EXERCISE OBJECTIVE:
If a record holds a picture, please leave the picture out and copy the rest of the record exactly.

==========

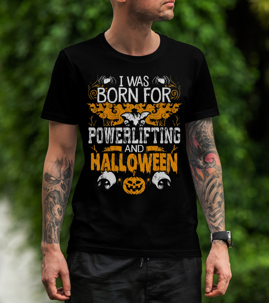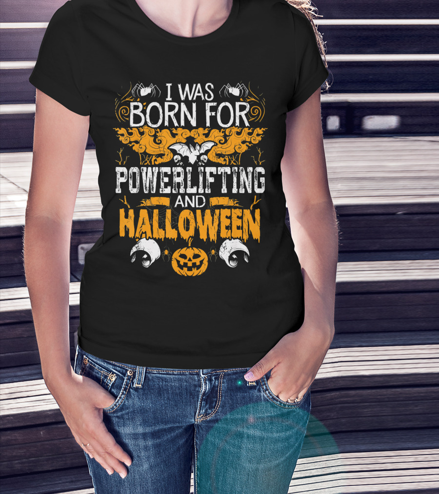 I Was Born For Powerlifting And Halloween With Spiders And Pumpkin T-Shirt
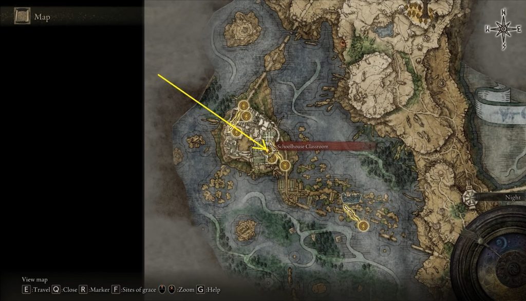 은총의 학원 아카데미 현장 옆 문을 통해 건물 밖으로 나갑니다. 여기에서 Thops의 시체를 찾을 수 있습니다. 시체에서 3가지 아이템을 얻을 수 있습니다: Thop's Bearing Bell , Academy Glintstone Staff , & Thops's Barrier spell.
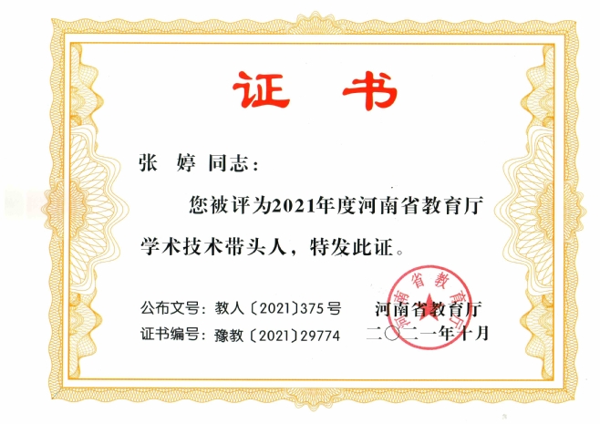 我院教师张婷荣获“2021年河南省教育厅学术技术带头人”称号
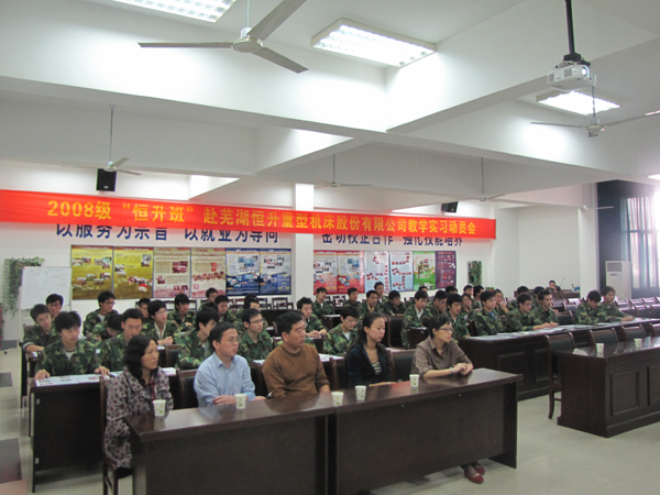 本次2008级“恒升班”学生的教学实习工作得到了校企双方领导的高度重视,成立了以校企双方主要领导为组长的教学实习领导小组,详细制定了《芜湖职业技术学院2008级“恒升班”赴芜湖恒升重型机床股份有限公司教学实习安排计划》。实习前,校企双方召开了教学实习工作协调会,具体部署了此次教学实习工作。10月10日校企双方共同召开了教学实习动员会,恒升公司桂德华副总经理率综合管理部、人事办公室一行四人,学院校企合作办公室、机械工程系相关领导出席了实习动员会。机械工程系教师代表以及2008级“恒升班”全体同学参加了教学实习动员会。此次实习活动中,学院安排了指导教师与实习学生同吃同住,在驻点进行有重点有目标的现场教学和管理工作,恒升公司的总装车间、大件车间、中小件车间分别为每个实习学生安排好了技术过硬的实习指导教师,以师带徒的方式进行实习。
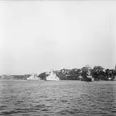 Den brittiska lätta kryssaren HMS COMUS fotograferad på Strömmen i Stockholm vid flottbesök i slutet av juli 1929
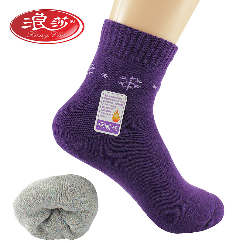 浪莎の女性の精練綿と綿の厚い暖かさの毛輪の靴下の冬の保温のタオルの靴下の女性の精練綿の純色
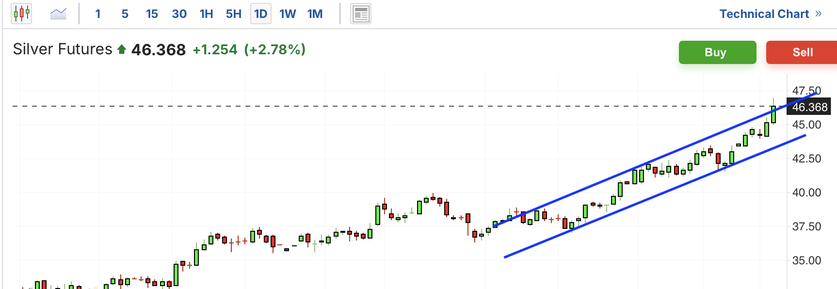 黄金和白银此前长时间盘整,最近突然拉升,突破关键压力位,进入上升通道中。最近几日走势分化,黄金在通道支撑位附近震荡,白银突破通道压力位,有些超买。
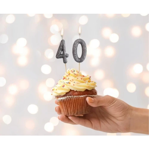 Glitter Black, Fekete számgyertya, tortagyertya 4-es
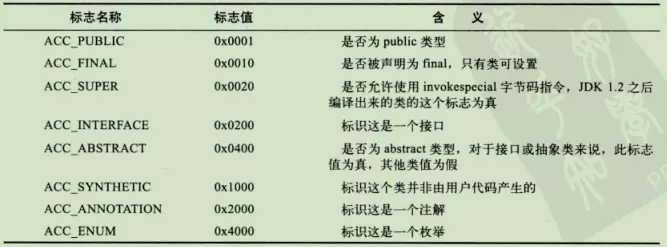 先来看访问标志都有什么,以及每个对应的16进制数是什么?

==========

RESPONSE TO THIS TASK:
 I Was Born For Powerlifting And Halloween With Spiders And Pumpkin T-Shirt
 은총의 학원 아카데미 현장 옆 문을 통해 건물 밖으로 나갑니다. 여기에서 Thops의 시체를 찾을 수 있습니다. 시체에서 3가지 아이템을 얻을 수 있습니다: Thop's Bearing Bell , Academy Glintstone Staff , & Thops's Barrier spell.
 我院教师张婷荣获“2021年河南省教育厅学术技术带头人”称号
 本次2008级“恒升班”学生的教学实习工作得到了校企双方领导的高度重视,成立了以校企双方主要领导为组长的教学实习领导小组,详细制定了《芜湖职业技术学院2008级“恒升班”赴芜湖恒升重型机床股份有限公司教学实习安排计划》。实习前,校企双方召开了教学实习工作协调会,具体部署了此次教学实习工作。10月10日校企双方共同召开了教学实习动员会,恒升公司桂德华副总经理率综合管理部、人事办公室一行四人,学院校企合作办公室、机械工程系相关领导出席了实习动员会。机械工程系教师代表以及2008级“恒升班”全体同学参加了教学实习动员会。此次实习活动中,学院安排了指导教师与实习学生同吃同住,在驻点进行有重点有目标的现场教学和管理工作,恒升公司的总装车间、大件车间、中小件车间分别为每个实习学生安排好了技术过硬的实习指导教师,以师带徒的方式进行实习。
 Den brittiska lätta kryssaren HMS COMUS fotograferad på Strömmen i Stockholm vid flottbesök i slutet av juli 1929
 浪莎の女性の精練綿と綿の厚い暖かさの毛輪の靴下の冬の保温のタオルの靴下の女性の精練綿の純色
 黄金和白银此前长时间盘整,最近突然拉升,突破关键压力位,进入上升通道中。最近几日走势分化,黄金在通道支撑位附近震荡,白银突破通道压力位,有些超买。
 Glitter Black, Fekete számgyertya, tortagyertya 4-es
 先来看访问标志都有什么,以及每个对应的16进制数是什么?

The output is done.